Mount Hood golfers enjoy their day.




Park Commissioner John McLaughlin announced at the Commission’s June meeting
that a search would be initiated to select a Certified Public Accountant group
that would report to the Commission. Qualified candidates would have expertise
in dealing with municipal financial issues.

An auditor’s job is to provide an independent review of the city’s accounting
practices. Each auditor is an independent accounting firm hired and compensated
by the city it audits.

The Commission’s initial search involved compiling a list of eighteen auditors
that are retained by neighboring local municipalities. Three of the candidates
were of special interest to the Commissioners because they audit cities that
operate golf courses. These included Stoneham audited by Roselli, Clark; and
Lynn by Melanson & Heath. The third auditor, Powers & Sullivan, audits two
cities with golf courses, Melrose and Peabody.

By the time their July meeting took place the Commissioners concluded that
Powers and Sullivan was the best candidate. The Commission did not pursue the
other two auditing companies.

Powers and Sullivan is currently the outside auditor for the City of Melrose.
It has immediate knowledge of the Mount Hood operation and what the
Commissioners need is timely financial information in a form they can
understand.

The Commission invited Powers & Sullivan to send a representative to its July
meeting to discuss the possibility of the auditor working for the Commission.

Mr. Richard Sullivan, a principal of the company, represented it at the July
meeting at the Mount Hood clubhouse. A small group left over from a two-hour
public meeting concerning dog parks was there to hear the Commissioners discuss
with Mr. Sullivan the possibility of his company working with the Park
Commision.


Possibility of conflict of interest with city auditors discussed.

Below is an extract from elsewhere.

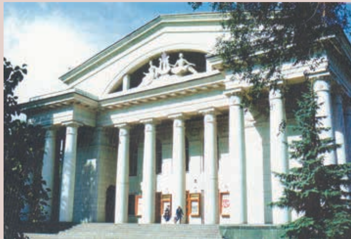
Театр оперы и балета им. Н. Г. Чернышевского после реконструкции 1957 — 1960 гг. (архитекторы: Т. Г. Ботьяновский, Л. И. Ячин, О. А. Гера) с установленной в 1967 г. скульптурной группой (скульптор — В. И. Перфилов). Фото 1994 г.

The Opera and Ballet Theatre named after N. G. Chernyshevsky before reconstruction. Architects A. M. Salko, K. V. Tiden. 1864. Photo of 1938

A significant issue for the Commissioners was the possibility of a conflict of
interest which could arise with the auditor working for both the city’s
financial group at City Hall and the Park Commission. Mr. Sullivan said his
company would be delivering the same story to both entities. If a conflict
developed he would say so.

Some of the Commissioners were animated in expressing a need for better, more
timely information such as with cash flow. The Commissioners want a better
picture of the financial status of Mount Hood, significantly important now that
the Hood must pay for the athletic field complex.

Mister Sullivan said he understood the need and saw no conflict with the city’s
financial officers in delivering it. The meeting ended after a relatively brief
discussion of no more than twenty minutes. The Commissioners left the hiring
issue open for more discussion before they decide.

The question arises will the Commission need the Board of Aldermen to approve
the funds necessary to pay Powers & Sullivan? Auditors are expensive.
Principals like Mister Sullivan are paid close to $200 an hour for their
services. It’s the opinion of the Park Superintendent, Joan Bell, that
aldermanic approval would not be necessary.

City officials claim lots of money available at Mount Hood.

It’s not difficult to understand the concern of the Park Commissioners. The
approval of the Special Legislation allowing the city to take money out of
Mount Hood was accompanied by expressions from some city officials that there
was plenty of money available at Mount Hood to pay for the new athletic field
complex.

As far back as September 2009 city officials were publicly expressing the view
that money was abundant at Mount Hood. On September 14, 2009 the Commission
had called a meeting to discuss the possibility of building an athletic field
at Mount Hood.

This proposal was very unpopular with people living in the Mount Hood
neighborhood and a group of them were there with their Alderman Peter Mortimer
to voice their displeasure.

Alderman Mortimer also brought up a subject unrelated to the athletic field
issue. The issue was about money. The alderman said to the Commissioners, “You
have the money, the city doesn’t. Mount Hood has more money than the city
has.” Related story Melrose Mirror October 2009 edition.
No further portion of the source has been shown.